= Stored data entries =
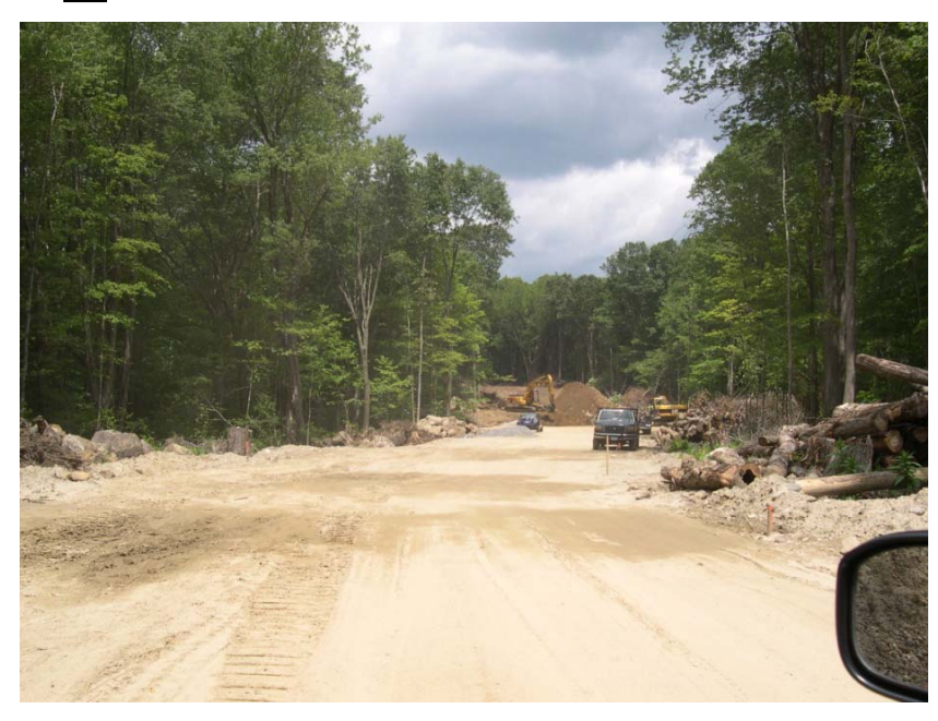
Roadway to the Bridge Open Space Entrance Left Lot 4 on the Right
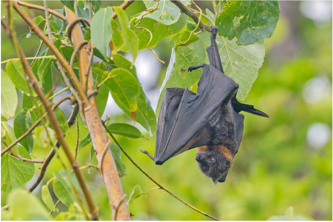
Ruck Flying Fox
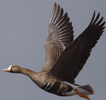
Greater White-fronted Goose

In early spring, starting in late February and continuing into March, the WMA becomes a spectacle of migratory activity, particularly for Snow Geese and Greater White-fronted Geese. Flocks numbering up to 60,000 Snow Geese and 40,000 Greater White-fronted Geese descend upon the wetlands, creating an amazing display of movement and sound.
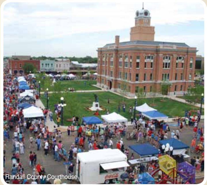
Randall County Courthouse
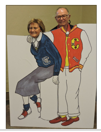
Cutouts from the past (made of foam core) provided fun photos of attendees.
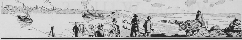
Early Winnipeg as viewed from St. Boniface across the Red River in 1859
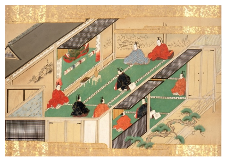
Figure 3. The emperor is depicted with his face hidden.
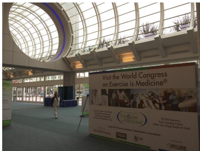
Inside the San Diego Convention Center
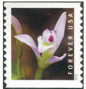
10 Three Birds
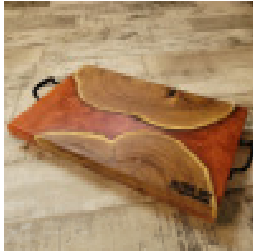
Oak– tends to be a lighter finish [ ]
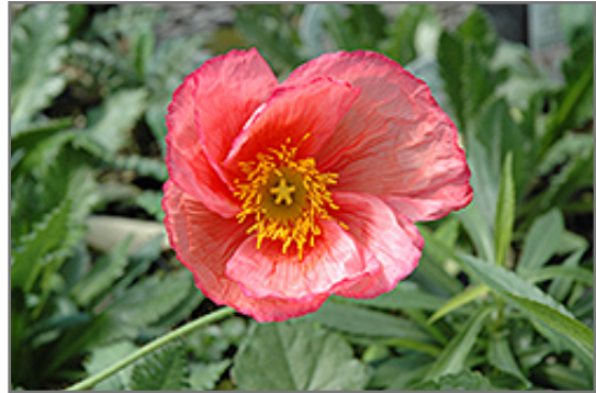
Champagne Bubbles Poppy flowers

This plant does best in full sun to partial shade. It prefers dry to average moisture levels with very well-drained soil, and will often die in standing water. It is not particular as to soil type or pH. It is somewhat tolerant of urban pollution, and will benefit from being planted in a relatively sheltered location. Consider covering it with a thick layer of mulch in winter to protect it in exposed locations or colder microclimates. This is a selection of a native North American species.

= TASK TO CARRY OUT =
Without including any pictures, print each record exactly.

= TASK ANSWER =
Roadway to the Bridge Open Space Entrance Left Lot 4 on the Right
Ruck Flying Fox
Greater White-fronted Goose

In early spring, starting in late February and continuing into March, the WMA becomes a spectacle of migratory activity, particularly for Snow Geese and Greater White-fronted Geese. Flocks numbering up to 60,000 Snow Geese and 40,000 Greater White-fronted Geese descend upon the wetlands, creating an amazing display of movement and sound.
Randall County Courthouse
Cutouts from the past (made of foam core) provided fun photos of attendees.
Early Winnipeg as viewed from St. Boniface across the Red River in 1859
Figure 3. The emperor is depicted with his face hidden.
Inside the San Diego Convention Center
10 Three Birds
Oak– tends to be a lighter finish [ ]
Champagne Bubbles Poppy flowers

This plant does best in full sun to partial shade. It prefers dry to average moisture levels with very well-drained soil, and will often die in standing water. It is not particular as to soil type or pH. It is somewhat tolerant of urban pollution, and will benefit from being planted in a relatively sheltered location. Consider covering it with a thick layer of mulch in winter to protect it in exposed locations or colder microclimates. This is a selection of a native North American species.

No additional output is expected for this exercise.